Adenosine triphosphate detection in living cells with carbon nanotubes and luciferase
(PhysOrg.com) -- All living cells require a fuel to function: adenosine triphosphate (ATP), the cell "gasoline". Detecting ATP within cells can help researchers observe energetic physiological processes, such as signal cascades or transport processes. Furthermore, ATP depletion is related to certain diseases, such as Parkinson’s disease and ischemia (restricted blood flow within tissues).
A team led by Michael S. Strano at the Massachusetts Institute of Technology in Cambridge (USA) has now developed a more sensitive, higher-resolution, and more robust method for the detection of ATP. As the scientists report in the journal Angewandte Chemie, the method is based on carbon nanotubes.
ATP is usually detected by means of the luciferase assay. Luciferases are enzymes that are used in fireflies and other bioluminescent organisms to produce light. They use oxygen to convert a substrate called luciferin into oxyluciferin, which then reacts further to produce light. Certain luciferases use ATP for their reactions. The luciferase assay currently in use is complex, time-consuming, and suffers from a poor signal-to-noise ratio.
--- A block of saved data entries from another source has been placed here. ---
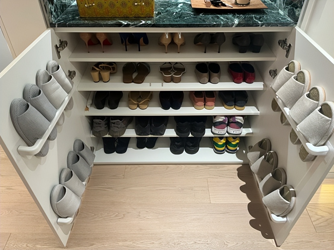 将鞋柜内部的层板内缩10公分左右,然后在鞋柜的柜门上面安装置物架,这样就可以将拖鞋放置在柜门上了,轻轻松松就能多放下10多双鞋子。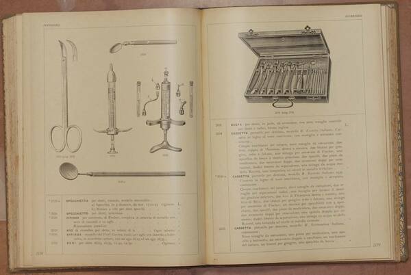 In 4. Dim. 28x21 cm. Pp. XXXIX+413+(1). Interessante catalogo del 1940 di strumenti e arredi sanitari della Società Anonima Ernesto Invernizzi fornitrice della Real Casa, Rr. Ministeri, Rr. Cliniche, Croce Rossa italiana, Cavalieri di Malta, Ferrovie dello Stato, Ospedali civili e militari, Luoghi pii, Istituti e gabinetti scientifici. All'interno descizione con relativa illustrazione di numerosi strumenti e apparecchi diagnostici, ascolto, pr la misura della pressione, termometri, esame del sangue, del latte, delle orine, apparato digerente, biopsie, centrifughe, trasfusione del sangue, Strumenti e apparecchi per microscopia, Accessori per bagnomaria, stufe, lampade, Siringhe, Vetri, Apparecchi per sterilizzazione, Strumenti per anestesia, Siringhe ed aghi per iniezioni, suture, gessature, elettroterapia, cauteri, Interventi chirurgici, Salassi e vaccinazione, dermatologia, oculistica, orecchio, otorinolaringoiatria, denti, esofago, Chirurgia gastro intestinale, ernie, fegato, urologia, Ginecologia, Ostetricia, amputazione, resezione, per l'estrazione dei proiettili, Autopsia, Apparecchi ortopedici, Protesi, Ortopedia, Camere operatorie ecc. Copertina in tela editoriale. In buone condizioni. Copertina in tela editoriale in buone condizioni generali con lievi usure ai margini e dorso. Legatura in buone condizioni. Lieve rottura all'ultima pagina di sguardia. All'interno le pagine si presentano in buone condizioni con fioriture. Piegature alla prima pagina di sguardia. Interesting catalogue of 1940 of medicine instruments and health furniture of the Società Anonima Ernesto Invernizzi provider of the Real Casa, Rr. Ministeri, Rr. Cliniche, Croce Rossa italiana, Cavalieri di Malta, Ferrovie dello Stato, Ospedali civili e militari, Luoghi pii, Istituti e gabinetti scientifici. Inside description with relating illustration of different instruments and diagnostic tools, hearing, measure of pression, termometers, examination of blood, of milk, orines, digestive, biopsy, transfusion of blood, instruments and tools for microscopes, Lamps, Syringes, Tools for sterilization, Instruments for anesthesia, syringes and needles for injection, electrotherapy, Surgical interventions, Vaccination and bleeding, dermatology, oculistics, ear, ears and mouth, teeth, Surgery of stomach, ernie, liver urology, Ginecology, Obstetrics, cutting, extraction of bullets, Autopsy, Ortopedical tools, Protesis, Orthopedy, Surgical rooms etc. Editorial cloth cover. In good conditions Cloth editrial cover in good general conditions slightly worn in the edges and spine. Binding in good conditions but slight crack in the last endpage. Inside pages are in good conditions with foxings. Foldings in the first endpage.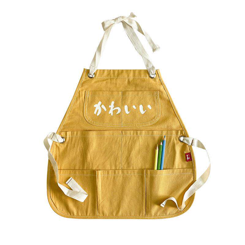 儿童围裙定制印字书法纯棉日式罩衣防污幼儿园班服可调节背带画画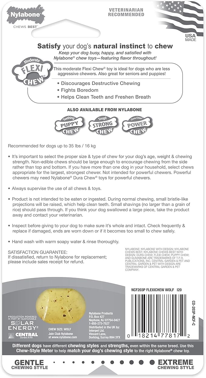 Nylabone Flex Chew Moderate Dog Chew Toy Bone, Chicken Flavor, Medium/Wolf (1 Count)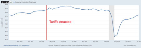 Keynesian economics blogger Noel Smith noted that Pettis reckoned that cheap Chinese imports actually made Americans poorer, by reducing their domestic production so much that Americans actually end up consuming less. Really, proclaimed Smith? “I’m highly skeptical of this argument, since a basic principle of economics is that people don’t voluntarily do things that make them poorer.” (Smith). Smith retorted that Trump’s tariffs in his first term did not boost domestic production as Pettis claimed tariffs could. Industrial production actually declined after Trump put up his tariffs: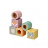 Klangbausteine, Holzbausteine, Bauklötze Baby – 6 Holzklötze: 4 Würfel, 2 Zylinder – Kinder Stapelspielzeug ab 1 Jahr – Sensorisches Spielzeug – Motorik-Spielzeug – Motiv Waldtiere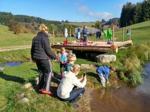 die Herbstsonne an unserem Weiher genießen, die Kinder lassen ihre selbst gebastelten Boot schwimmen und sind voller Freude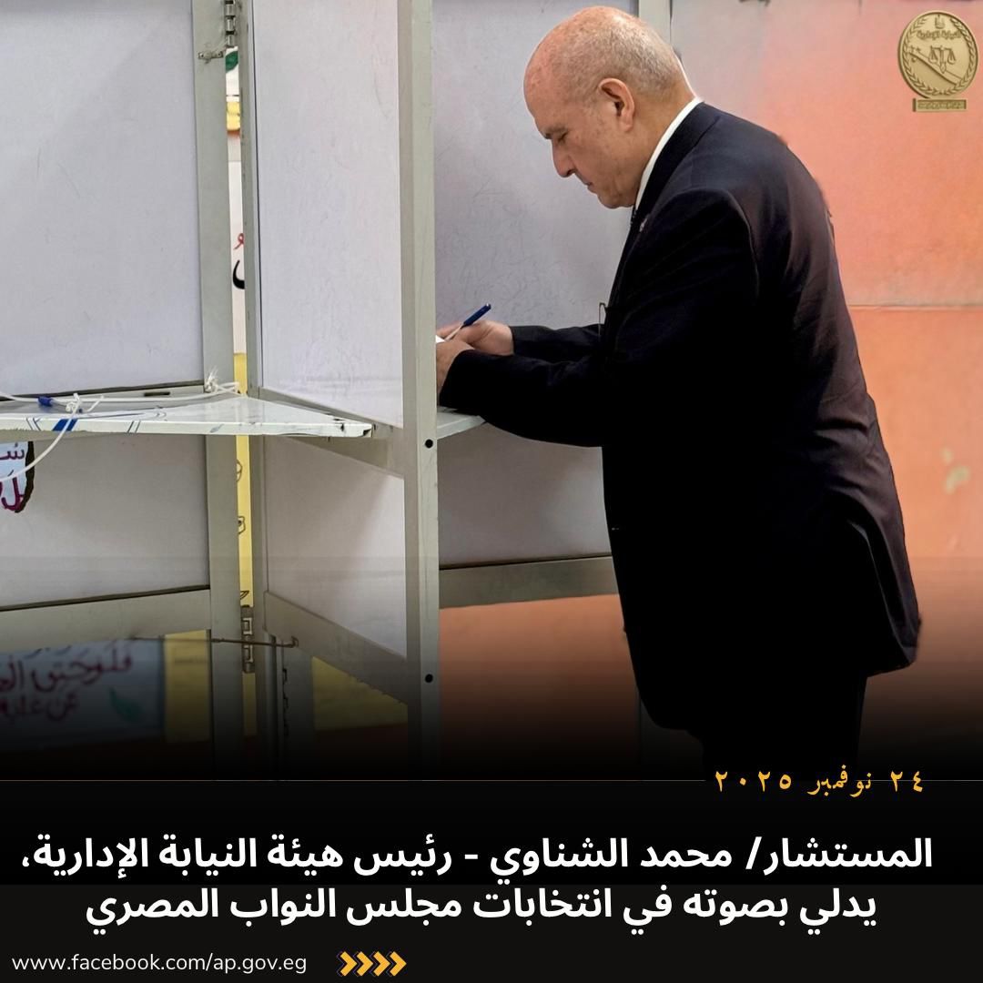 قام المستشار محمد الشناوي – رئيس هيئة النيابة الإدارية، صباح اليوم الاثنين الموافق ٢٤ نوفمبر ٢٠٢٥، بالإدلاء بصوته في أول أيام التصويت بالداخل للمرحلة الثانية من انتخابات مجلس النواب.

The MIT team has now developed a variation of the luciferase protocol: They attached the luciferase to carbon nanotubes. In this form the enzyme is easily taken up by cells. In the presence of luciferin and ATP, oxyluciferin is formed as usual, which causes fluorescence. What is interesting in this case is that carbon nanotubes normally fluoresce in the near infrared (nIR) spectral region; however this is proportionately extinguished by the addition of ATP to the luciferase reaction. Why? “As it is formed, the product oxyluciferin attaches itself firmly to the nanotube,” explains Strano. “Electrons are transferred from the nanotube to the oxyluciferin so that the carbon nanotube itself can no longer fluoresce.” The reduction in nIR fluorescence is easy to detect and serves as an indicator of the ATP concentration.
“Our new sensor is very selective for ATP,” continues Strano. “We were able to use it to observe the change in ATP concentration over time and space in a cell culture.”